■ **WORK ITEM**
Take the lines below from the one with "这件艺术创作十分简单明了——" through the one with "septembre à Hanoi. |" and print only them, exactly. Don't print the pictures.

■ **SUPPLIED RECORDS**
++++

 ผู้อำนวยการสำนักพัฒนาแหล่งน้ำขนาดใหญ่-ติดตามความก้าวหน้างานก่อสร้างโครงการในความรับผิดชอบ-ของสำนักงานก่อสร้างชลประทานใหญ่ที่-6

++++

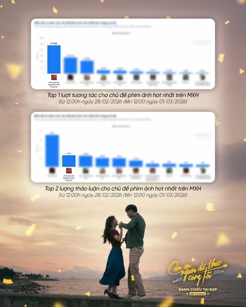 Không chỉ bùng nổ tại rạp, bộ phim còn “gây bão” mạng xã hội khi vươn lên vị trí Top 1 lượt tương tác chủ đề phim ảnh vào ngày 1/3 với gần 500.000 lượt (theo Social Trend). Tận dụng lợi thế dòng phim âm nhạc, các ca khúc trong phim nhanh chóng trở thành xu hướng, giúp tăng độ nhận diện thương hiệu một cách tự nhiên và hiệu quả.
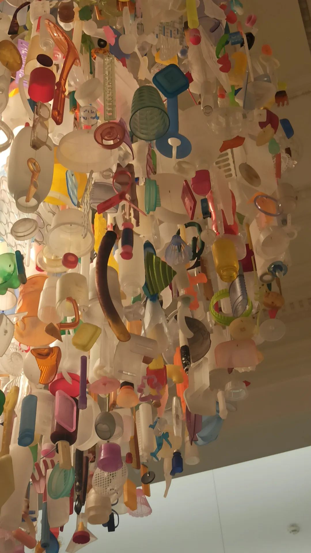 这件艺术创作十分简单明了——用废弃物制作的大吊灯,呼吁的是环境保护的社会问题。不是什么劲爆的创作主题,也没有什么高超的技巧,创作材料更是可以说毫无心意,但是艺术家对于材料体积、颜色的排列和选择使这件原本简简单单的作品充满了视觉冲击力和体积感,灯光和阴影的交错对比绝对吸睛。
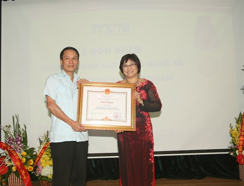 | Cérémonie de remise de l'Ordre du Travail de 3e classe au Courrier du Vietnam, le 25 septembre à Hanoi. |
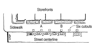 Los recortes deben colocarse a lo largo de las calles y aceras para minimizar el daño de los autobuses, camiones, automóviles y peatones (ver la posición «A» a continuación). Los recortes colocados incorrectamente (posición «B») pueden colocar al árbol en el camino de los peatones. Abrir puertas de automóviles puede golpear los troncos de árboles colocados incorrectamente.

++++

■ **OUTPUT FOR THIS TASK**
 这件艺术创作十分简单明了——用废弃物制作的大吊灯,呼吁的是环境保护的社会问题。不是什么劲爆的创作主题,也没有什么高超的技巧,创作材料更是可以说毫无心意,但是艺术家对于材料体积、颜色的排列和选择使这件原本简简单单的作品充满了视觉冲击力和体积感,灯光和阴影的交错对比绝对吸睛。
 | Cérémonie de remise de l'Ordre du Travail de 3e classe au Courrier du Vietnam, le 25 septembre à Hanoi. |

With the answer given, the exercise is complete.